奖励是二元的且稀疏的，这意味着即时奖励始终为零，除非智能体已到达目标，此时奖励为 1。

此环境中的一集（size=5）可能看起来像这样：

其中蓝点是智能体，红方块代表目标。

让我们逐段查看 GridWorldEnv 的源代码。

声明和初始化¶

我们的自定义环境将继承自抽象类 gymnasium.Env。您不应忘记向您的类添加 metadata 属性。在那里，您应该指定您的环境支持的渲染模式（例如，"human"、"rgb_array"、"ansi"）以及您的环境应渲染的帧率。每个环境都应支持 None 作为渲染模式；您无需在元数据中添加它。在 GridWorldEnv 中，我们将支持“rgb_array”和“human”模式，并以 4 FPS 渲染。

我们环境的 __init__ 方法将接受整数 size，它决定了方格网格的大小。我们将设置一些用于渲染的变量，并定义 self.observation_space 和 self.action_space。在我们的例子中，观测值应该提供关于智能体和目标在二维网格上的位置信息。我们将选择以字典形式表示观测值，键为 "agent" 和 "target"。一个观测值可能看起来像 {"agent": array([1, 0]), "target": array([0, 3])}。由于我们的环境有 4 个动作（“右”、“上”、“左”、“下”），我们将使用 Discrete(4) 作为动作空间。以下是 GridWorldEnv 的声明和 __init__ 的实现：

# gymnasium_env/envs/grid_world.py
from enum import Enum

import numpy as np
import pygame

import gymnasium as gym
from gymnasium import spaces


class Actions(Enum):
    RIGHT = 0
    UP = 1
    LEFT = 2
    DOWN = 3


class GridWorldEnv(gym.Env):
    metadata = {"render_modes": ["human", "rgb_array"], "render_fps": 4}

    def __init__(self, render_mode=None, size=5):
        self.size = size  # The size of the square grid
        self.window_size = 512  # The size of the PyGame window

        # Observations are dictionaries with the agent's and the target's location.
        # Each location is encoded as an element of {0, ..., `size`}^2, i.e.

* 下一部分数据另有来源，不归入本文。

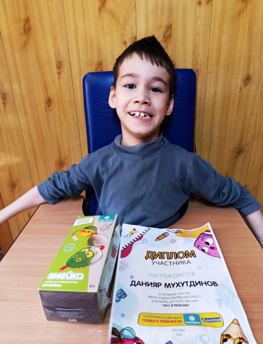 В 2024 году Данияр стал первоклассником. А еще он занимает призовые места на турнирах по шашкам среди детей с ограниченными возможностями здоровья, с удовольствием участвует в творческих мероприятиях! Вот такой молодец! Не сдается!
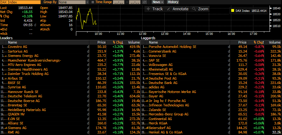 Majoritatea acțiunilor din indicele DAX înregistrează o ușoară revenire. Cu toate acestea, în cele mai multe cazuri, acestea sunt doar îmbunătățiri după scăderile de ieri. Sursa: Bloomberg Finance L.P.

MultiDiscrete([size, size]).
        self.observation_space = spaces.Dict(
            {
                "agent": spaces.Box(0, size - 1, shape=(2,), dtype=int),
                "target": spaces.Box(0, size - 1, shape=(2,), dtype=int),
            }
        )
        self._agent_location = np.array([-1, -1], dtype=int)
        self._target_location = np.array([-1, -1], dtype=int)

        # We have 4 actions, corresponding to "right", "up", "left", "down"
        self.action_space = spaces.Discrete(4)

        """
        The following dictionary maps abstract actions from `self.action_space` to
        the direction we will walk in if that action is taken.
        i.e. 0 corresponds to "right", 1 to "up" etc.
        """
        self._action_to_direction = {
            Actions.RIGHT.value: np.array([1, 0]),
            Actions.UP.value: np.array([0, 1]),
            Actions.LEFT.value: np.array([-1, 0]),
            Actions.DOWN.value: np.array([0, -1]),
        }

        assert render_mode is None or render_mode in self.metadata["render_modes"]
        self.render_mode = render_mode

        """
        If human-rendering is used, `self.window` will be a reference
        to the window that we draw to. `self.clock` will be a clock that is used
        to ensure that the environment is rendered at the correct framerate in
        human-mode. They will remain `None` until human-mode is used for the
        first time.
        """
        self.window = None
        self.clock = None

从环境状态构造观测值¶

由于我们既需要在 reset 中也需要在 step 中计算观测值，因此通常方便拥有一个（私有）方法 _get_obs 来将环境状态转换为观测值。然而，这不是强制性的，您也可以在 reset 和 step 中分别计算观测值。

def _get_obs(self):
    return {"agent": self._agent_location, "target": self._target_location}

我们还可以为 step 和 reset 返回的辅助信息实现类似的方法。在我们的例子中，我们希望提供智能体和目标之间的曼哈顿距离。

def _get_info(self):
    return {
        "distance": np.linalg.norm(
            self._agent_location - self._target_location, ord=1
        )
    }

通常，info 中还会包含一些仅在 step 方法内部可用的数据（例如，单个奖励项）。在这种情况下，我们必须在 step 中更新 _get_info 返回的字典。

重置¶

reset 方法将被调用以启动一个新的剧集。您可以假定在调用 reset 之前不会调用 step 方法。此外，每当发出完成信号时，都应调用 reset。用户可以将 seed 关键字传递给 reset，以将环境使用的任何随机数生成器初始化为确定性状态。建议使用环境基类 gymnasium.Env 提供的随机数生成器 self.np_random。如果您只使用此 RNG，则无需过多担心种子设置，但您需要记住调用 super().reset(seed=seed) 以确保 gymnasium.Env 正确地设置 RNG 种子。一旦完成，我们就可以随机设置环境的状态。在我们的例子中，我们随机选择智能体的位置和随机采样的目标位置，直到它与智能体的位置不重合。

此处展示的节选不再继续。